Sunday 23 March 2014

William Kent exhibition at the V&A

The Gallery, Chiswick House, William Henry Hunt, 1828, watercolour. © Devonshire Collection, Chatsworth. Reproduced by permission of the Chatsworth Settlement Trustees
Picture: V&A, (C) Chatsworth Settlement Trustees
William Kent: Designing Georgian Britain Victoria and Albert Museum to July 13

William Kent was the go-to architect and designer in early Georgian England. He was fortunate to be working at a time when a lot of grand country houses were being built; Robert Adam had to content himself with renovations and interior decoration, whereas Kent was given a relatively free hand by wealthy and enlightened patrons. We are fortunate that several of the best houses he worked on have survived more-or-less intact, including Holkham Hall, which is a grand mansion in Norfolk, and Chiswick House, which is an exquisite villa in a London suburb. Kent was influenced by Italy, and especially by Palladio, but his style is quite distinctive and unlike Palladio he designed the furniture and interiors as well as the buildings.

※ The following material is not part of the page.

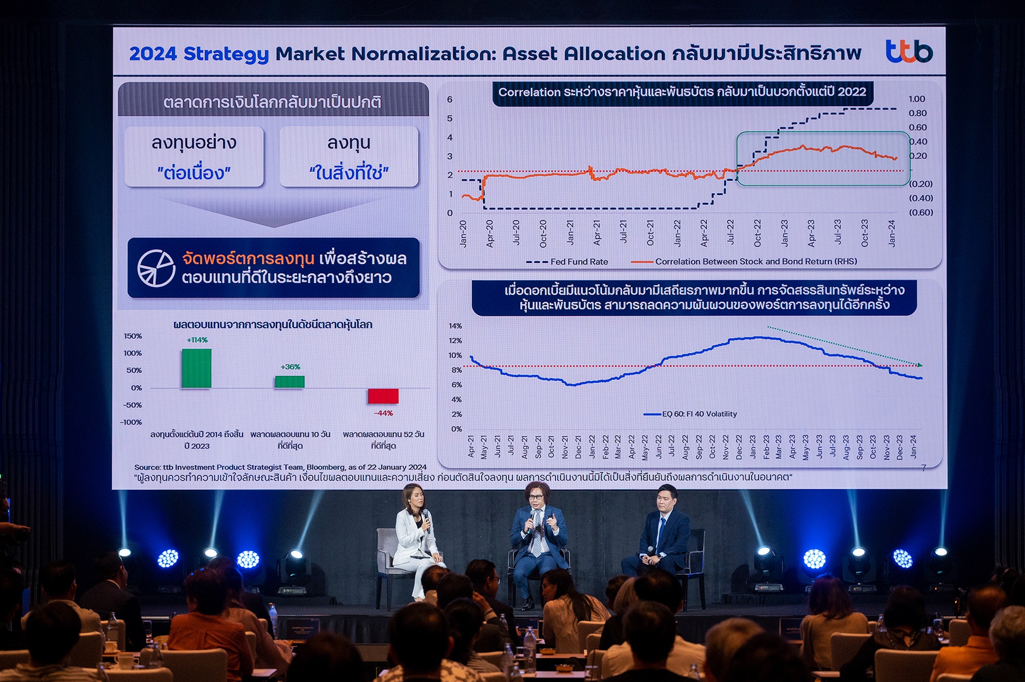 การสัมมนา “ttb investment outlook 2024” ในครั้งนี้ ทีทีบี ได้เชิญผู้เชี่ยวชาญมาแนะนำในเรื่องของการลงทุน เจาะจุดเด่น 4 ธีมการลงทุนแห่งความมั่นคงทางการเงิน รวมไปถึงการเปิดเทรนด์เทคโนโลยีใหม่ ซึ่งนักลงทุนสามารถนำไปใช้ไปประกอบการตัดสินใจในพอร์ตการลงทุนของตนเองได้

There are some fine things in this show. I enjoyed seeing the originals of some of the famous interior drawings, including Houghton Hall with the original picture hang and the nineteenth century watercolours of Chiswick (above). There's some great furniture too. I love the owl motif on the desk and mirror from Chiswick. But the exhibition is overall a failure. Partly that's because it's hard to curate an exhibition about architecture, and partly it's because the curation is just bad. 

Handel is played in the background, the ultimate cliché of Georgian England. It might be merely thoughtless and unimaginative, but I suspect it's trying to engage an audience with something familiar. That's even worse, because it shies away from anything challenging in favour of a tedious Merchant Ivory country house ethos. I hate music in exhibitions because it imposes a mood, forcing us to experience it exactly as the curatorial apparatchiks want to make us experience it. It imposes emotion and closes down meaning.

Cheap looking backdrops hang behind the exhibits, and looped films of country house interiors play alongside original works of art. Lest you're tempted to dally, some of the more intricate drawings are hung behind four foot deep stands. The wall text is minimalist and you have to snake along a narrow corridor, making it difficult to linger or to go back for a second look. It's more like watching television rather than reading a book. A book might make an argument, but you can choose how you engage with it, reading at your own pace and pausing to consider. A documentary imposes a pace. It is totalising; sound and vision are used to tell a story, which we must passively consume. 

The display is as bad as it could be, but there are inherent difficulties in mounting this show. Kent wasn't a great draughtsman or painter. Some of the furniture is good, but can be seen better in situ. Rather than seeing new connections in the exhibition, it just seemed marooned and out of context. Some of the best pieces are usually displayed at Burlington House, just a few miles from the V&A, in the interiors for which they were designed. Sadly a lot of the furniture designed for Chiswick, including some in the exhibition, is now at Chatsworth House. It would be nice if they'd put it on permanent loan to Chiswick; they do have an awful lot of good furniture at Chatsworth. But it looks better even at Chatsworth than in this show. 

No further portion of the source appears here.